Turing compared the process of reasoning about a subroutine’s correctness to that of summing a list of numbers. Each operation is simple — if you know arithmetic you know how to sum two digits — but if there are enough numbers in the list, errors will tend to creep in. In the same way, it is easy enough to reason about each line of code in a function like this one:

#include <stdlib.h>

int
func(int flag, int x, int y)
{
	int k; int *p;

	p = &k;
	if (flag) {
		*p = x;
	} else {
		*p = y;
	}
	return k;
}

The challenge in making entire functions and entire programs correct is there are so, so, so many opportunities to make a small mistake that throws off everything. Every line is simple, but the whole program is impossible to understand. E pluribus unum may be the politician’s motto, but the rule in programming is plures ex uno, complexity arising out of simplicity.¹ The interplay between these two realities when we reason about programs, local simplicity and composite inscrutability, is a fascinating paradox: we may well call it Turing’s paradox.

Understanding the paradox shows why static debugging (and Xr0, more broadly) is possible.

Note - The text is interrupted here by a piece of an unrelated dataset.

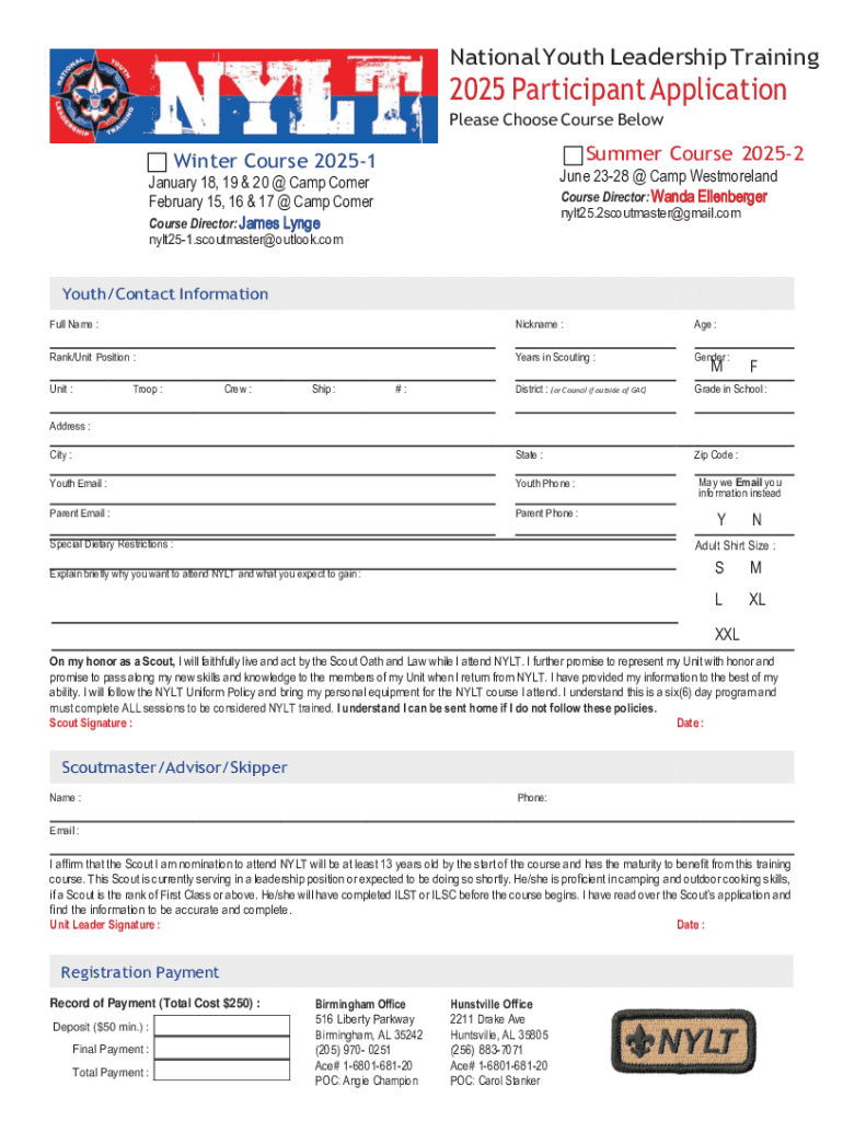Application form for youth participants to enroll in the National Youth Leadership Training (NYLT) program, detailing requirements, course options, and necessary information for registration.

Programmers do not need an ingenious system to help them analyse their code. We already understand it, i.e. line-by-line. What we need is the aid of a simple-minded accountant that can help us check our reasoning, to prevent errors from creeping in as the parts of the program multiply.

All Xr0 does, then, is attempt to model the locally-simple reasoning that programmers employ in their analysis of code. Below is what Xr0 considers as knowable on the line p = &k; in func above:

phase:	ACTUAL

text:
        int k;
        int * p;
-->     p = &(k);
        if (flag) {
                *(p) = x;
        } else {
                *(p) = y;
        }
        return k;

context:
        typedef int size_t

rconst:
        $0: int:{MIN:MAX}       (flag)
        $1: int:{MIN:MAX}       (x)
        $2: int:{MIN:MAX}       (y)

stack:
        0: {int := {0:<rconst:$0>}} (flag, π)
        1: {int := {0:<rconst:$1>}} (x, π)
        2: {int := {0:<rconst:$2>}} (y, π)
        3: {int := {0:<>}}          (k)
        4: {int * := {0:<>}}        (p)
        ---------------------------- func

The text section is quite intuitive: it shows us where we are in the program. Some things appear slightly differently from the source, because we do some normalising of representations during parsing. For example, the declarations have been placed on separate lines.

The context shows us the user-defined² types; this is where structures and union types would be. (Technically, size_t should be an unsigned integer, but we haven’t implemented unsigned yet.)

The next section, rconst, has what we call runtime constants. These are values which are fixed at runtime but statically unknowable. For example, at runtime the values of flag, x and y can each be any integer between INT_MIN and INT_MAX.³

Finally we get to the stack. The lowest line indicates that we are in the stack frame corresponding to func, which happens to be stack[0], the only stack frame. Above this line we have the variables in the frame, in order of appearance. The parameters are technically also local variables, so we begin with them: flag, x, and y all have the tag “π” for “parameter”, and their values are preceded by “rconst:” to indicate they’re runtime constants. Last of all we have k and p, which both have <> as their value, indicating indeterminate value, which is distinct from 0 or NULL.⁴

The effect of the assignment on the state is as follows:

phase:	ACTUAL

text:
        int k;
        int * p;
        p = &(k);
-->     if (flag) {
                *(p) = x;
        } else {
                *(p) = y;
        }
        return k;

context:
        typedef int size_t

rconst:
        $0: int:{MIN:MAX}       (flag)
        $1: int:{MIN:MAX}       (x)
        $2: int:{MIN:MAX}       (y)

stack:
        0: {int := {0:<rconst:$0>}}        (flag, π)
        1: {int := {0:<rconst:$1>}}        (x, π)
        2: {int := {0:<rconst:$2>}}        (y, π)
        3: {int := {0:<>}}                 (k)
        4: {int * := {0:<ptr:stack[0]:3>}} (p)
        ---------------------------- func

p has been assigned the value ptr:stack[0]:3, a pointer to the third spot in stack[0], which is k’s address.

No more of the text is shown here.